Fans inside the stadium recoiled at the sound of explosions, but the match continued amid rising spectator fears.
Around the same time, attackers targeted a string of cafes in a trendy Paris neighbourhood, which were crowded on an unusually balmy November night.
At least 37 people were killed there, according to Francois Molins, a prosecutor.
The attackers next stormed the Bataclan concert hall. They opened fire on the panicked audience and took some hostage. As police closed in, three detonated explosive belts, killing themselves, according to Michel Cadot, the Paris police chief.
Another attacker detonated a suicide bomb on Boulevard Voltaire, near the music hall, the prosecutor's office said.
|Police patrol near the Eiffel Tower the day after a series of deadly attacks in Paris [Reuters]
Video shot from an apartment balcony and posted on the Le Monde website on Saturday captured some of that horror as dozens of people fled from gunfire outside the Bataclan down a passageway to a side street.

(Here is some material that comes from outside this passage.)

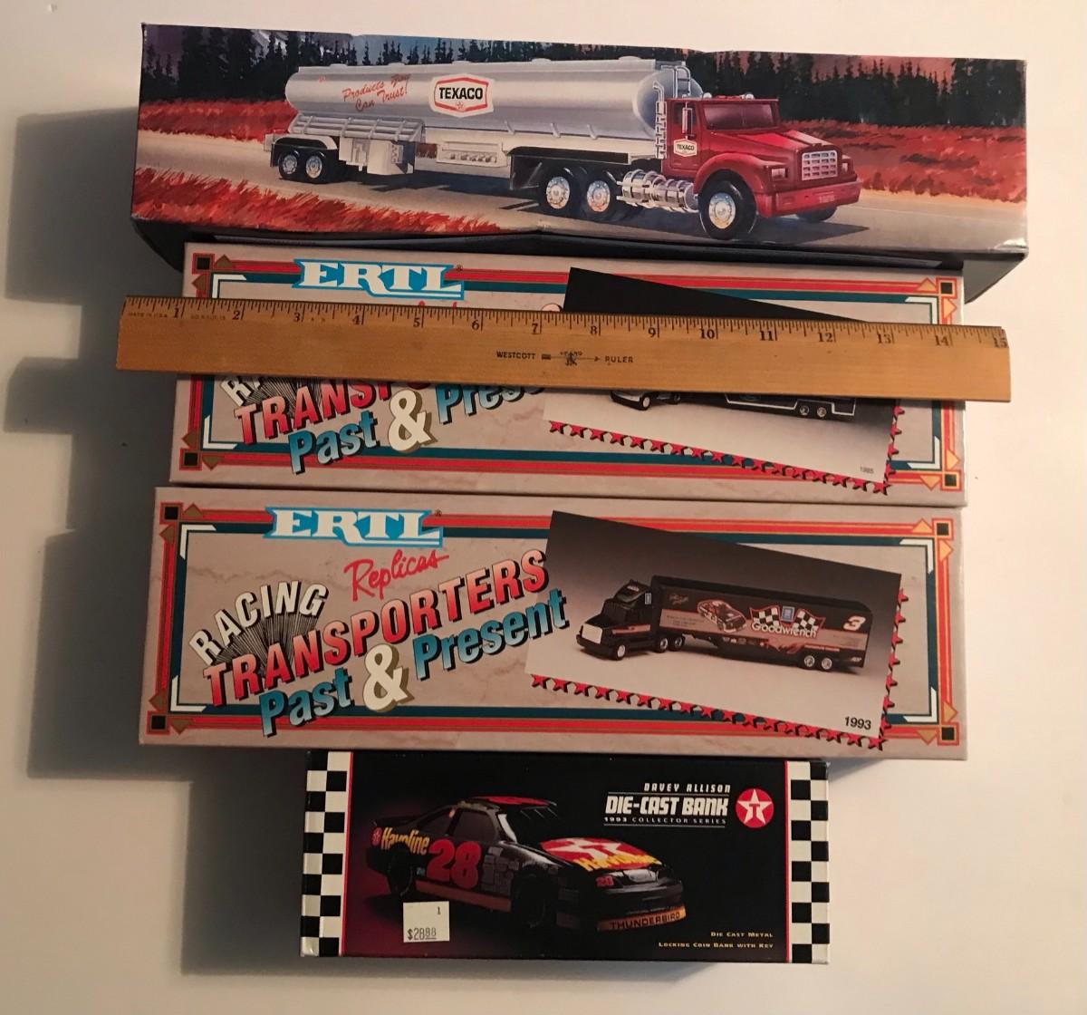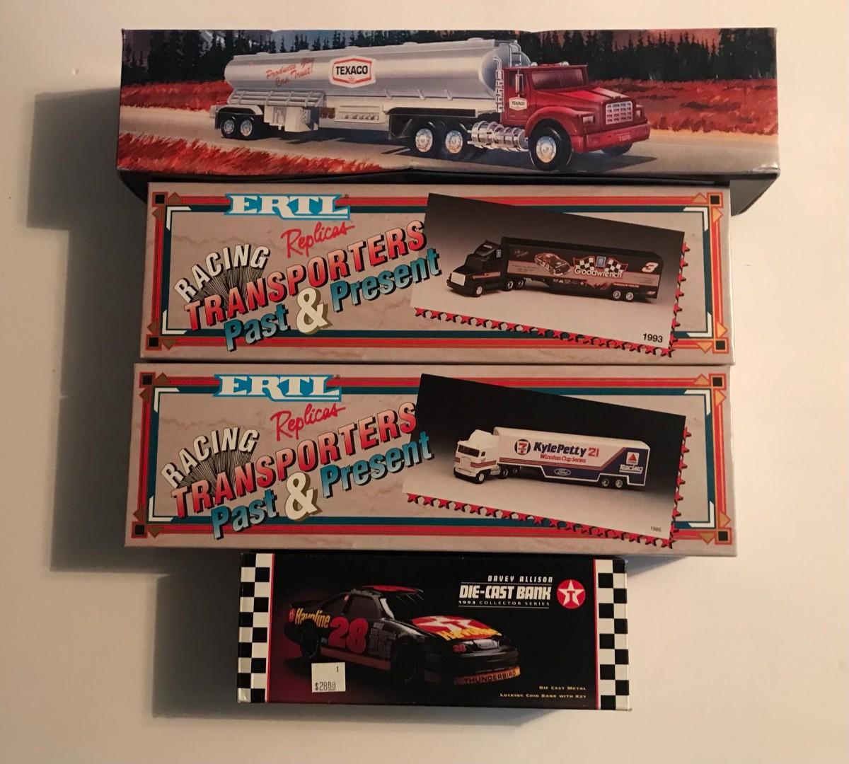 Collection of vintage car and truck replica collectibles in cluding racing trucks by Ertl, Texaco advertising collectible truck and NASCAR bank. Boxes show some wear and damage - see photos. The pictures show condition, measurements if taken, and what is included in the lot. Due to the large amount that we photograph and the time frame, we are not always able to take measurements. All items unless noted, are pre-owned and have been used. If you purchased furniture, you must bring help. We do not allow one person to carry large furniture out on their own. Bring help, tools and a truck for the safety of our client’s homes, and your personal safety. Company policy. Thank you.

At least one person is seen writhing on the ground as scores more stream past, some of them bloodied or limping. The camera pans down the street to reveal more fleeing people dragging two bodies along the ground.
State of emergency
In other decisions, Hollande declared a state of emergency and announced renewed border checks along frontiers that are normally open under Europe's free-travel zone.
In a televised address on Friday night, he appealed to citizens to maintain "a determined France, a united France, a France that joins together and a France that will not allow itself to be staggered, even if today there is infinite emotion faced with this disaster, this tragedy, which is an abomination, because it is barbarism."
The Eiffel Tower, Louvre Museum, cinemas and other tourist sites have been closed indefinitely.
France has been on edge since January, when armed men attacked the satirical newspaper Charlie Hebdo, which had run cartoons of Prophet Muhammad, and a Jewish supermarket.
Twenty people died in those attacks, including three shooters.
France has seen several smaller-scale attacks or attempts this year, including on a high-speed train in August when American travellers overpowered a heavily armed man.
French authorities are particularly concerned about the threat from hundreds of French fighters who have travelled to Syria and returned home with skills to mount attacks.
Syrian President Bashar al-Assad said on Saturday that the policies of some Western countries - including France - in the Middle East are partly responsible for the expansion of "terrorist" attacks.
He urged President Hollande to change his policies and "work for the interest of the French people".
Assad also criticised the president for ignoring the fact that some of France's allies support "terrorists" in Syria - a phrase he uses for all armed factions in Syria.